Старики хозяева собрались на площади и, сидя на корточках, обсуждали свое положение. О ненависти к русским никто не говорил. Чувство, которое испытывали все чеченцы от мала до велика, было сильнее ненависти. Это была не ненависть, а непризнание этих русских собак людьми и такое отвращение, гадливость и недоумение перед нелепой жестокостью этих существ, что желание истребления их, как желание истребления крыс, ядовитых пауков и волков, было таким же естественным чувством, как чувство самосохранения»89.

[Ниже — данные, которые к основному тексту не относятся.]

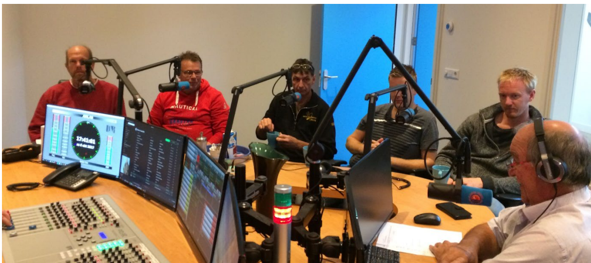
Figuur 1 : Studio 1 Radio Texel
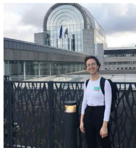
Reportaža iz Bruslja.

V januarju 2020 je bil čas za moj prvi popolnoma samostojni podvig. Izbrala sem prestolnico Evropske unije, Bruselj. Sama greš? Ja, celotno življenje v
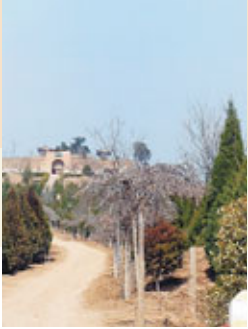
■卦台巍立於高山上，需走一段長斜坡才可到達。
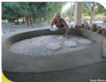
Casa do Beijú (Aldeia Alto do Tambá)

Baía da Traição tem Diversidade Cultural
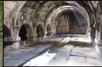
Orbelian's Caravanserai, Silk Rd. Օրբելյանների իջևանատունը
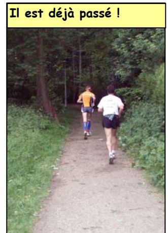
Il est déjà passé !

Attention, l'UFO orange est sur tes talons.
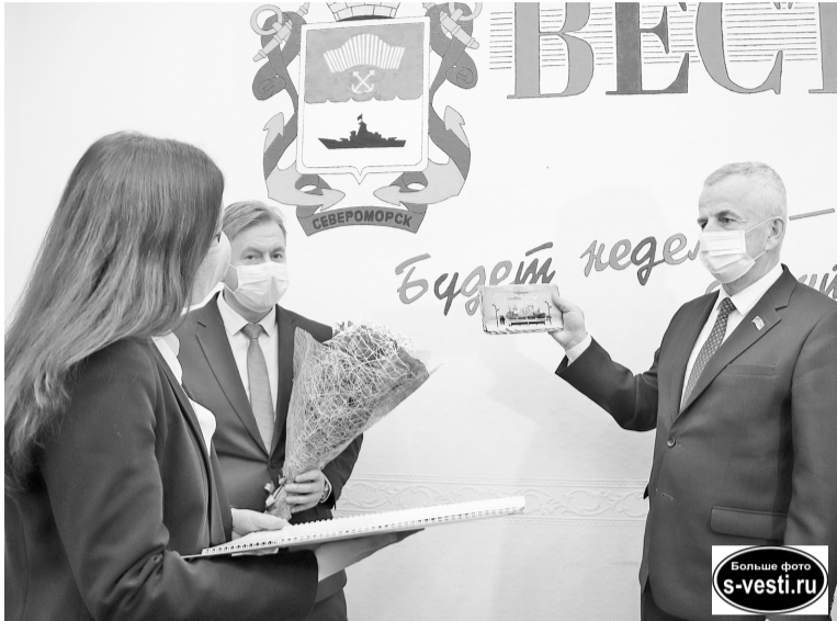
Вручение подарков - всегда приятный момент.

13 января все, кто связан с печатным делом, отмечают День российской печати.

Пафос этой сцены перекликается с гуманистическим пафосом стихотворения Надсона «Герою», хотя по степени воздействия на читателя эти тексты несопоставимы. Стихотворные строчки Надсона не идут ни в какое сравнение с гениальной прозой Толстого. Но и патетика гражданской лирики, и кажущаяся простота толстовской прозы однозначно убеждают читателя в приоритете гуманистических ценностей над имперскими. Сакраментальная фраза несравненного Портоса «Я дерусь, потому что дерусь!» уже перестала быть аксиомой для образованного человека и далее не могла существовать в качестве краеугольного камня его мировоззрения. Всякий, кто прочитал эту страницу, уже не мог, не погрешив против совести, оправдывать любые завоевательные войны империи. С такими мыслями читатели Толстого встретили Первую мировую войну, которую официальная пропаганда пыталась представить как Вторую Отечествешгую. В разгар этой войны Александр Александрович Блок работал над поэмой «Возмездие», в первой главе которой были такие строки:
Но тот, кто двигал, управляя
Марионетками всех стран,
-Тот знал, что делал, насылая
Гуманистический туман:
Там, в сером и гнилом тумане,
Увяла плоть, и дух погас,
И ангел сам священной брани,
Казалось, отлетел от нас...90
Формально Российская империя еще продолжала существовать, до ее распада оставалось несколько лет, но из империи уже ушла душа, всё омертвело задолго до ее распада. «Здравствуй, новая жизнь!» — восклицают молодые герои чеховского «Вишнёвого сада». Но новая жизнь уже наступила. Русская интеллигенция так сильно жаждала расстаться со старой жизнью, что не понимала того, как по мере отмирания имперских ценностей происходило нарождение совершенно новых отношений - производственных, правовых, нравственных и ценностных. И эти новые отношения, которые были отношениями буржуазными, капиталистическими, совершенно не вписывались в идеалистическую картину мира русской интеллигенции. Интеллигенция не понимала, да и не пыталась понять суть этих отношений. Зато она горела желанием обрести пророка, указующего верный путь, и учителя жизни, олицетворяющего непреложный нравственный ориентир в быстро меняющемся мире. И такой учитель нашёлся.